By the end of 2026 we’ll see initial deployments and adoption of this technology, particularly in robotics, wearables, and autonomous applications, where analog AI enables real-time responsiveness, smoother interactions, longer battery life, and more natural behavior in the devices they power.
Taken together, these predictions point to a clear direction for 2026: AI will become more physical, decentralized, and embedded, learning directly from the world, reasoning closer to where data is generated, and acting with greater autonomy in dynamic environments. Whether it’s “world models” that blend physics with data-driven dynamics, context-aware audio interfaces in everyday devices, or humanoid robotics enabled by low-latency edge intelligence, the common thread is a move toward systems that don’t just interpret reality, but participate in it.

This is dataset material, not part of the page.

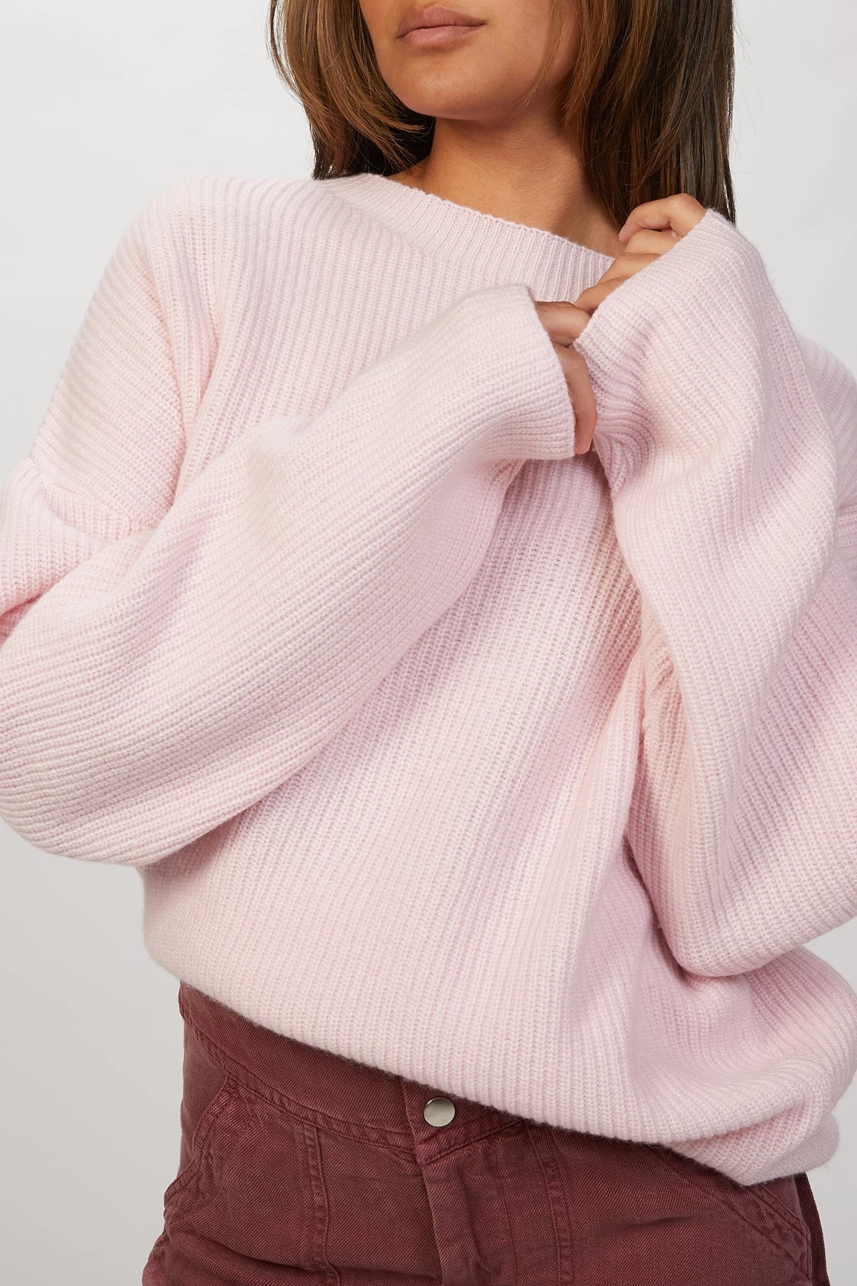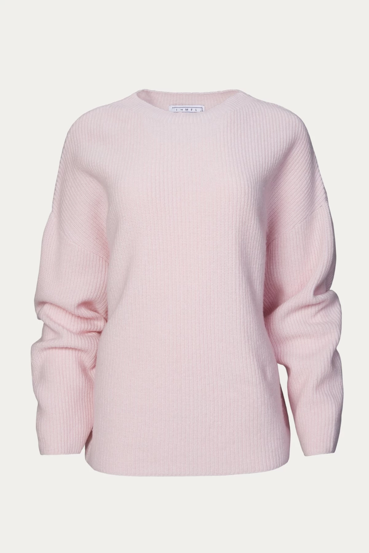 Crafted in Turkey from blended wool and cashmere, this oversized sweater features a dropped shoulder and is rib-knitted in a light pink shade the label calls ‘Powder’. It has a crew neckline framed with ribbed edges. The oversized fit looks cool with jeans or baggy shorts.

From Paul Golding’s view of Physical Intelligence and micro-intelligences orchestrating specialized agents, to Max Versace’soutlook on decentralized compute and the rise of analog AI, the message is consistent: future AI breakthroughs will be constrained and enabled, by how efficiently we sense, compute, and respond at the edge. As these capabilities mature, 2026 is likely to mark an inflection point where intelligence becomes more natural, more power-efficient, and more seamlessly integrated into the environments where we live and work.